(WHAT TO DO) Below this line is the material. Write out only its lines from the one containing "Магнит новогодний закатной" through the one containing "A vertical beach", both kept, exactly.

-------- DATA

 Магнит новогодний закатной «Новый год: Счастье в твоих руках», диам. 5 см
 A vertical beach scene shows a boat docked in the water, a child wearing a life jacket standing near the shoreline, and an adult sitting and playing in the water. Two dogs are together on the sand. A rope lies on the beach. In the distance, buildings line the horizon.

----------------
-------- DATA

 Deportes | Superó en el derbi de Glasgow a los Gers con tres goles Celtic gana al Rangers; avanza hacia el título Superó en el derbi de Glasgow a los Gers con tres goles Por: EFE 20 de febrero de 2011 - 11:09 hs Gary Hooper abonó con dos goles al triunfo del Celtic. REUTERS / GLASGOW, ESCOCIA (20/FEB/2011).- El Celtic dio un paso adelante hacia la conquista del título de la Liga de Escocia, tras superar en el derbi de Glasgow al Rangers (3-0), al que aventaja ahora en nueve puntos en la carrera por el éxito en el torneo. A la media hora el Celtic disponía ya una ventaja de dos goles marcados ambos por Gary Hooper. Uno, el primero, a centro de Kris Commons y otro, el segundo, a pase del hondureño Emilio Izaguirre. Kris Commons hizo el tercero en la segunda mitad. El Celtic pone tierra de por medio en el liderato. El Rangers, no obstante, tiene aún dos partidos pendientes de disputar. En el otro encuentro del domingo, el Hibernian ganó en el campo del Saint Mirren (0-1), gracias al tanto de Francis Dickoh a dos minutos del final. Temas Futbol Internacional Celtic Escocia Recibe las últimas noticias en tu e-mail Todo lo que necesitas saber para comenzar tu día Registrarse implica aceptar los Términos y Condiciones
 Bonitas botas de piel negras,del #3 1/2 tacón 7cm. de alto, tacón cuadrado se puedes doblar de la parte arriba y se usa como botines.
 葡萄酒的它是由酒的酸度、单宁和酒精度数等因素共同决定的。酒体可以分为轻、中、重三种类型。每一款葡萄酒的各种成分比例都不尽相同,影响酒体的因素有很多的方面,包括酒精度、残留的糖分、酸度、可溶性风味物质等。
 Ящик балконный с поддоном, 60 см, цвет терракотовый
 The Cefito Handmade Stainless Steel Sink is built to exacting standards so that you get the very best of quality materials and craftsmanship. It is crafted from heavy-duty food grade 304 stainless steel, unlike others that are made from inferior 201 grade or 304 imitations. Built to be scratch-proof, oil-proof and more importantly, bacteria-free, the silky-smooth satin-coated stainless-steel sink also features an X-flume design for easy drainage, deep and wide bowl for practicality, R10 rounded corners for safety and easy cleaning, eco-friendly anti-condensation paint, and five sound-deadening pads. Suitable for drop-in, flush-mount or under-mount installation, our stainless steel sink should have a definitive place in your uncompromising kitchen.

----------------

(YOUR RESPONSE)
 Магнит новогодний закатной «Новый год: Счастье в твоих руках», диам. 5 см
 A vertical beach scene shows a boat docked in the water, a child wearing a life jacket standing near the shoreline, and an adult sitting and playing in the water. Two dogs are together on the sand. A rope lies on the beach. In the distance, buildings line the horizon.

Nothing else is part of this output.